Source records
------------------------------------------------
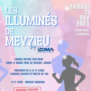 Les Illuminés de Meyzieu est une course nature nocturne qui se déroule dans le grand parc de Miribel-Jonage, au départ des Voiles du Grand Large à Meyzieu. Elle propose des parcours trail de 5, 14 et 24 km, ainsi que des marches nordiques et des courses pour enfants, le tout dans un cadre boisé et lacustre. Rejoignez cet événement pour profiter d'une sortie sportive accessible, en famille ou entre amis, et découvrir les sentiers du parc sous un éclairage festif.
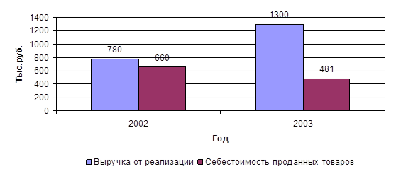 На основании рис. 25 видно, что с 2002 г. наблюдается рост пвыручки от реализации продукции, хотя он и рассматривается и более высокими темпами, чем рост уровня себсетоимости продукции и товаров.
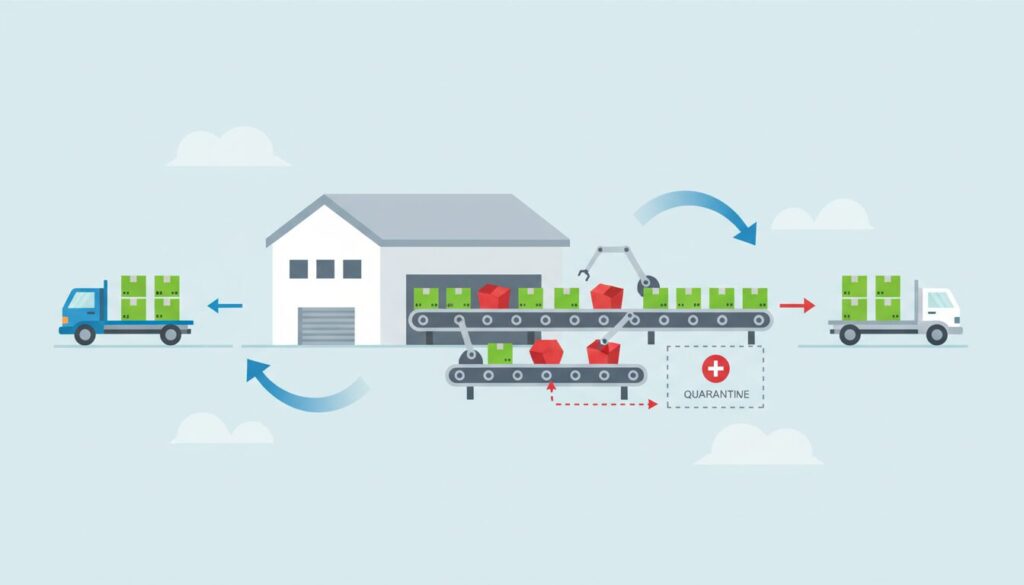 実務においては、WMS上で良品と不良品のステータスを即時反映させることが基本ですが、万が一のシステム障害時には、赤と青の物理テープでパレットを完全に隔離し、紙のタリーシートでアナログ管理するバックアップ運用手順を、倉庫側と事前に取り決めておくことが誤出荷を防ぐ最後の砦となります。
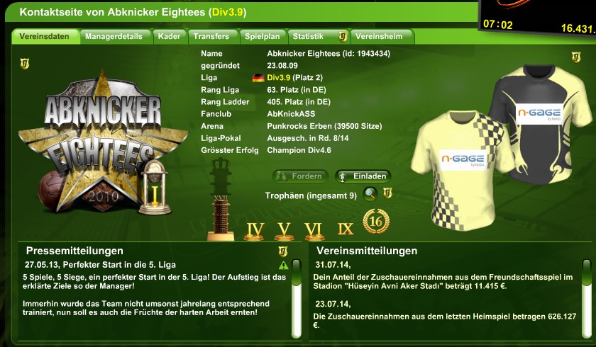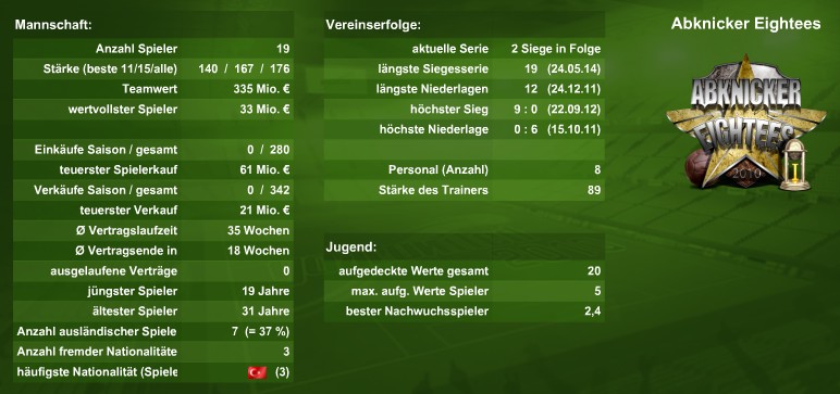 Start der 18. Saison Veröffentlicht am 1. August 2014 von stanky Antworten Hier die aktuellen Teamstats:
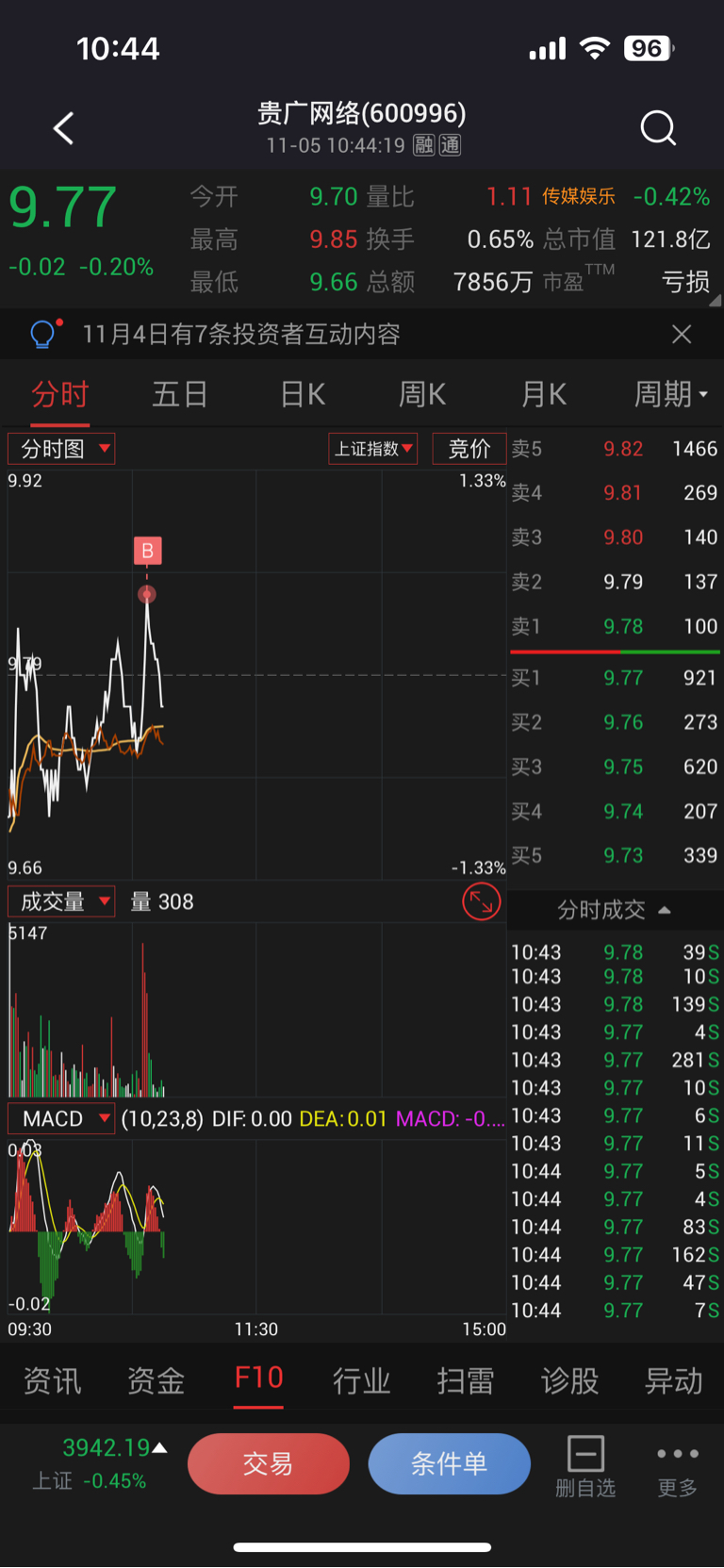 $贵广网络(SH600996)$ 几天前走了!今天回来以为你要飞了!买进就把我挂在山顶上!扶不起的阿斗!
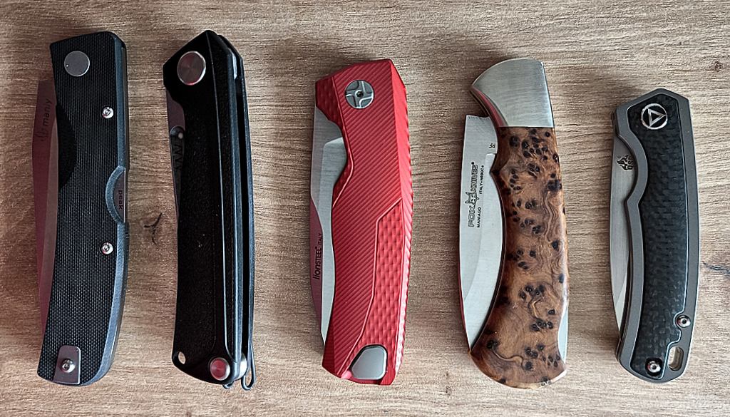In die Auswahl kamen letztendlich 5 Messer (im Bild von links nach rechts).
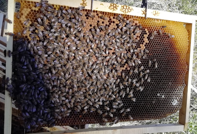 C'est exact que la ruche n'est pas très populeuse mais c'est une reine de l'année dernière, j'espère qu'elle va s'étoffer ce printemps...
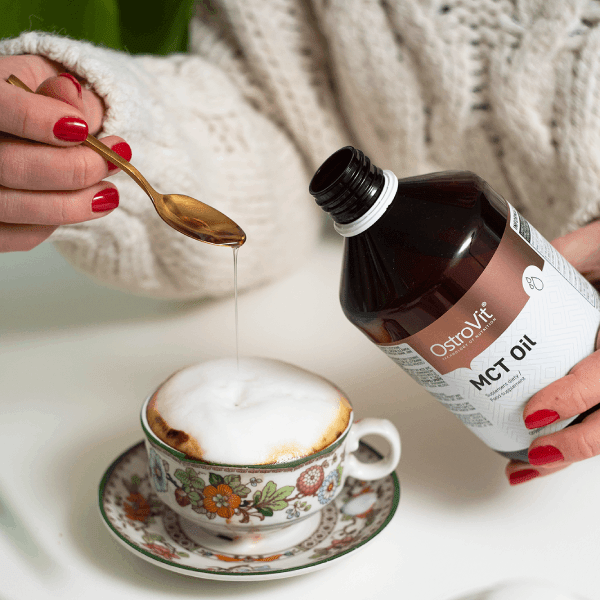 Ostrovit MCT O óleonada mais é do que ácidos gordos de cadeia média de alta qualidade MCT (triglicéridos de cadeia média), encerrado desta vez numa garrafa PET plástica, não quebrável sem BPA (bisfenol A) . Os ácidos gordos de cadeia média são especialmente recomendados para atletas e pessoas com actividade física aumentada.
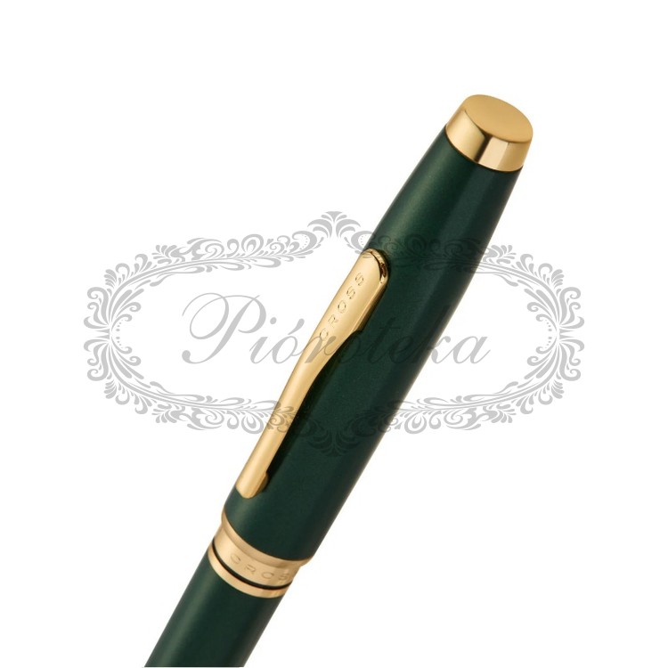 Korpus długopisu wykonany jest z trwałego mosiądzu, który pokryto lakierem o głębokim, zielonym odcieniu z delikatnym połyskiem. Wykończenia typu GT (Gold Trim), w tym charakterystyczny klip oraz pierścień z grawerem marki, zostały platerowane 23-karatowym złotem. Szczególną uwagę zwraca stożkowe zwieńczenie, jakie posiada skuwka, będące znakiem rozpoznawczym amerykańskiego designu marki Cross. Solidna konstrukcja sprawia, że długopis jest nie tylko piękny, ale i niezwykle wytrzymały.
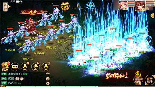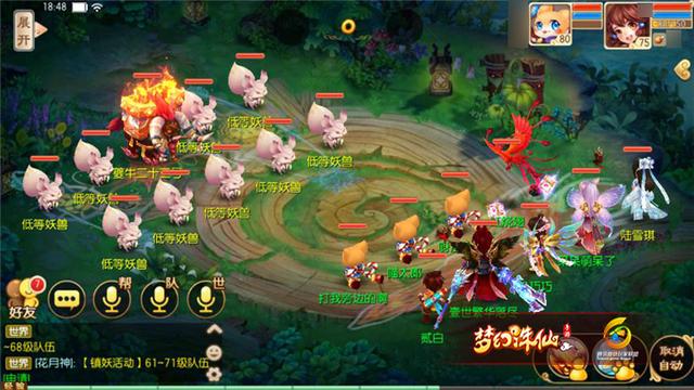 第一关:黑风怪和9只风尾小妖。黑风怪皮厚攻高,而且是可以攻击所有角色与宠物的水攻技能,不过黑风怪也扛不住战力不错的两个物理职业的集火输出。其余小怪会放各种群攻技能和单攻技能,后排小妖基本都是使用合欢技能,第一回合出手打出的伤害很高,但放过之后会进入休息状态。
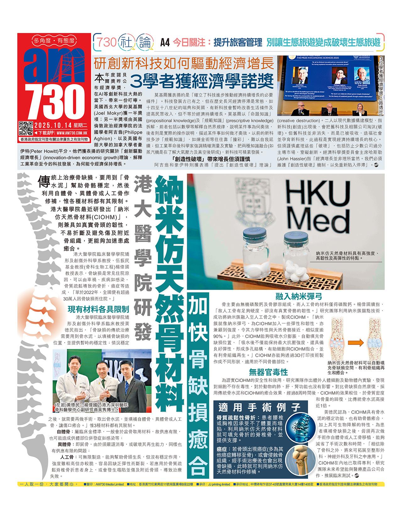傳統上治療骨缺損,要用到「骨水泥」幫助骨骼穩定,然後利用自體骨、異體骨或人工骨作修補,惟各種材料都有其限制。港大醫學院最近研發出「納米仿天然骨材料(CIOHM)」,則兼具如真實骨頭的韌性,不易折斷及避免傷及附近骨組織,更能夠加速患處癒合。
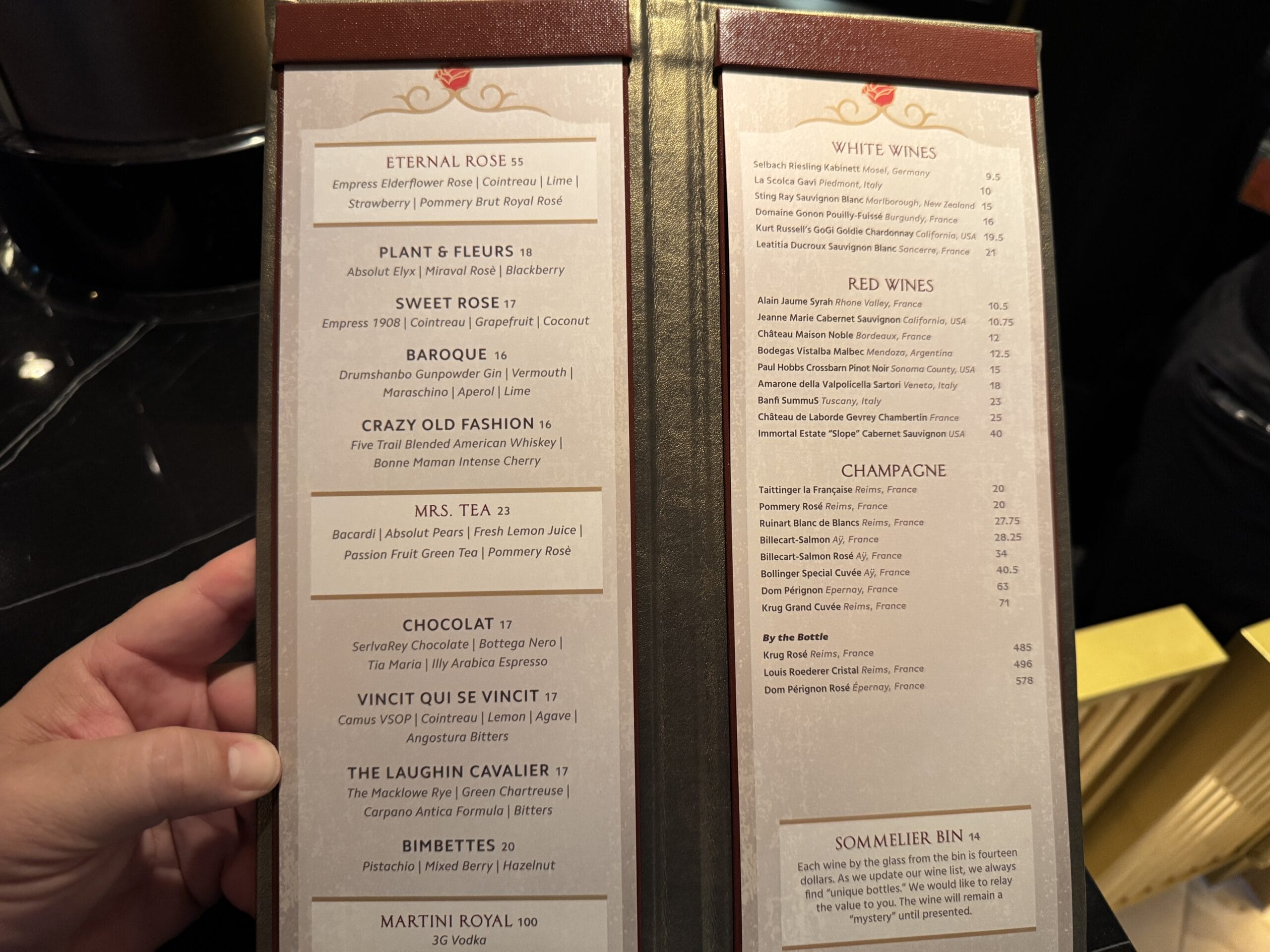 The Rose serves a selection of high-end wines and liquors, as well as a special menu of gourmet amuse-bouche and small plates. The menu includes the following:
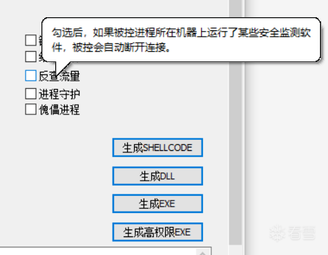 在银狐生成被控端的界面,有5个可选项,分别是:
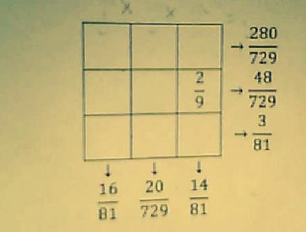 Les produits sur les 3 lignes sont 280/729 ; 48/729 ; 27/729
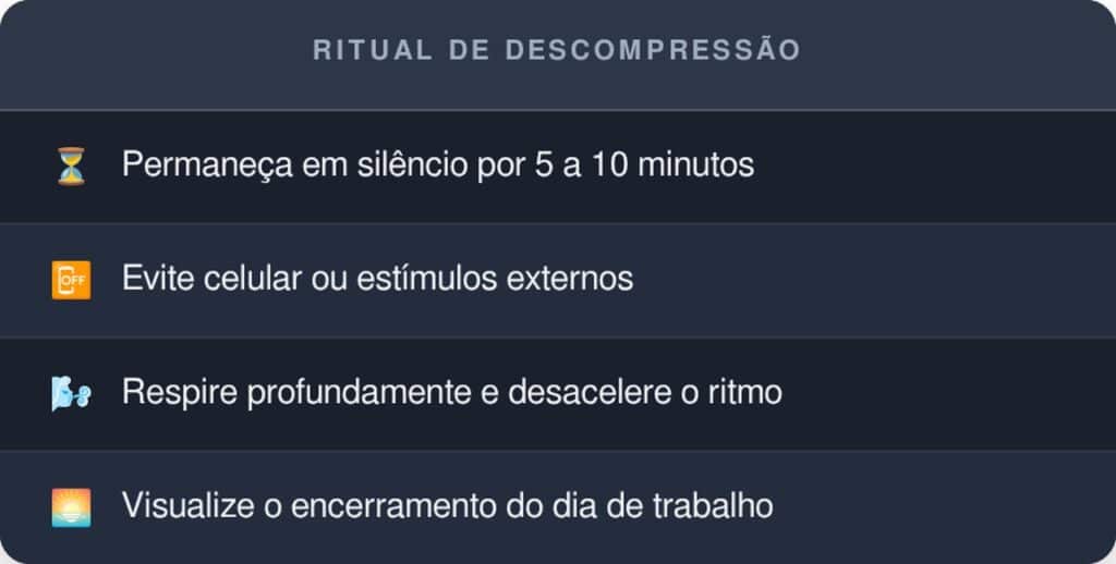 Uma estratégia simples dentro do autocuidado é criar uma transição consciente entre o trabalho e a vida pessoal. O intervalo de descompressão ajuda o cérebro a reduzir o estado de alerta.
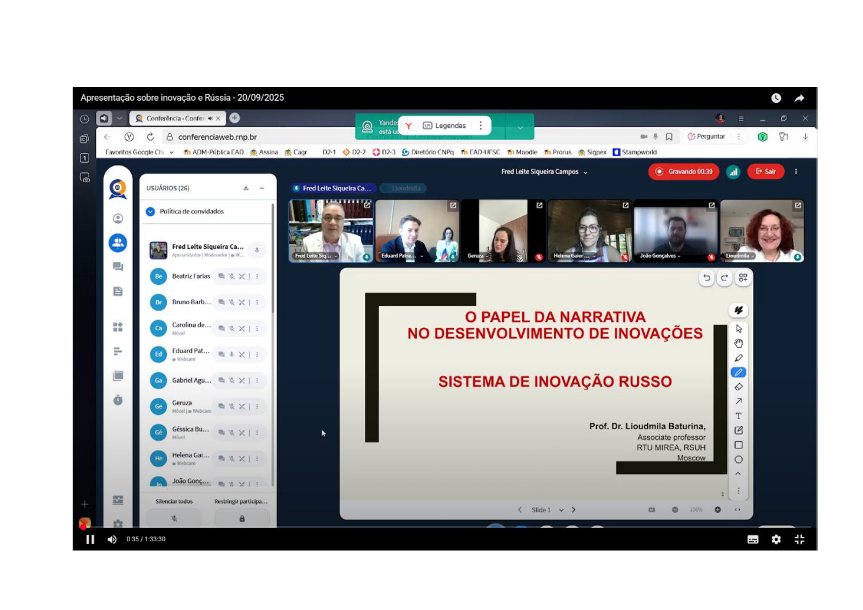 No dia 20 de setembro de 2025, entre 08h e 10h, como parte das atividades da disciplina Políticas Públicas de Ciência, Tecnologia e Inovação e o Estado Brasileiro (POL), o PROFNIT/UFSC recebeu, de forma virtual, três convidados da Federação Russa.
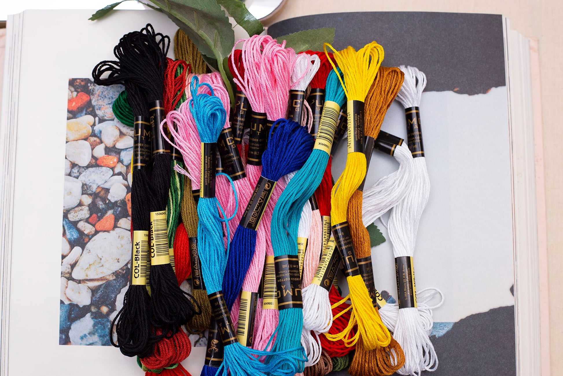 Convenient Packaging: Hand sewing thread is about 8.75 yards long and each skein of embroidery floss comes in 6 threads. Each Floss is tightly packed, just find the line head, pull it upright without having to tear the wrapping paper. Packaging keeps strings from falling apart and makes it easy to use the product.
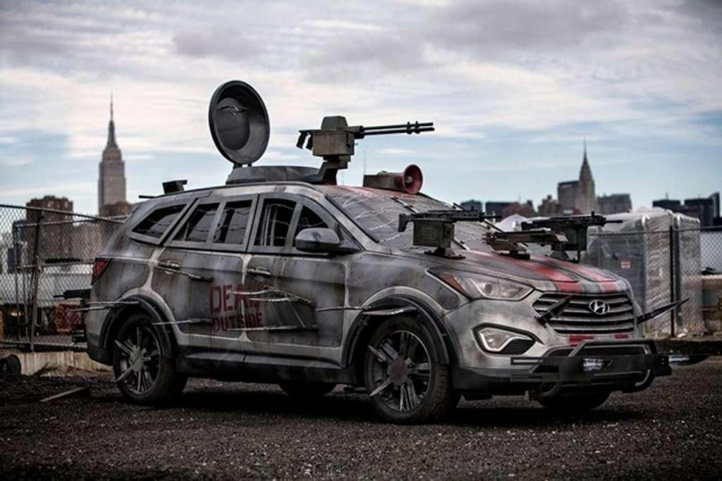 Zejdźmy jednak na ziemię i skończmy żarty. Ten nietypowy model został zaprezentowany na ostatniej imprezie Comic Con w Nowym Jorku. Model o nazwie Hyundai Santa Fe Sport Zombie Survival Machine został zaprojektowany przez Ansona Kuo oraz wykonany przez firmę Galpin Auto Sport by uczcić 10 rocznicę komiksu pt. "The Walking Dead".
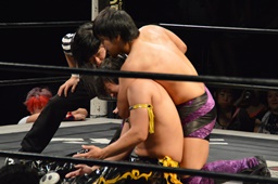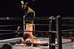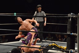 KUDOボディスラムから倒立式ダブルニードロップ(右写真)、カウント2。
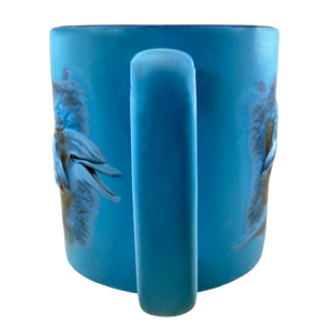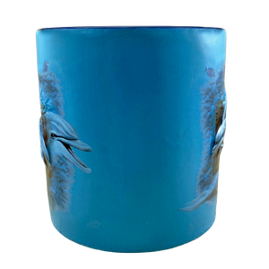 Features the same embossed artwork on its front and rear surface depicting dolphins in the ocean.
------------------------------------------------
EXERCISE INSTRUCTIONS >> Your answer must be the lines from the one containing "Zejdźmy jednak na" through the final line of the entries, duplicated exactly, with both ends kept and all pictures left out.

REPLY TO THE TASK >>
 Zejdźmy jednak na ziemię i skończmy żarty. Ten nietypowy model został zaprezentowany na ostatniej imprezie Comic Con w Nowym Jorku. Model o nazwie Hyundai Santa Fe Sport Zombie Survival Machine został zaprojektowany przez Ansona Kuo oraz wykonany przez firmę Galpin Auto Sport by uczcić 10 rocznicę komiksu pt. "The Walking Dead".
 KUDOボディスラムから倒立式ダブルニードロップ(右写真)、カウント2。
 Features the same embossed artwork on its front and rear surface depicting dolphins in the ocean.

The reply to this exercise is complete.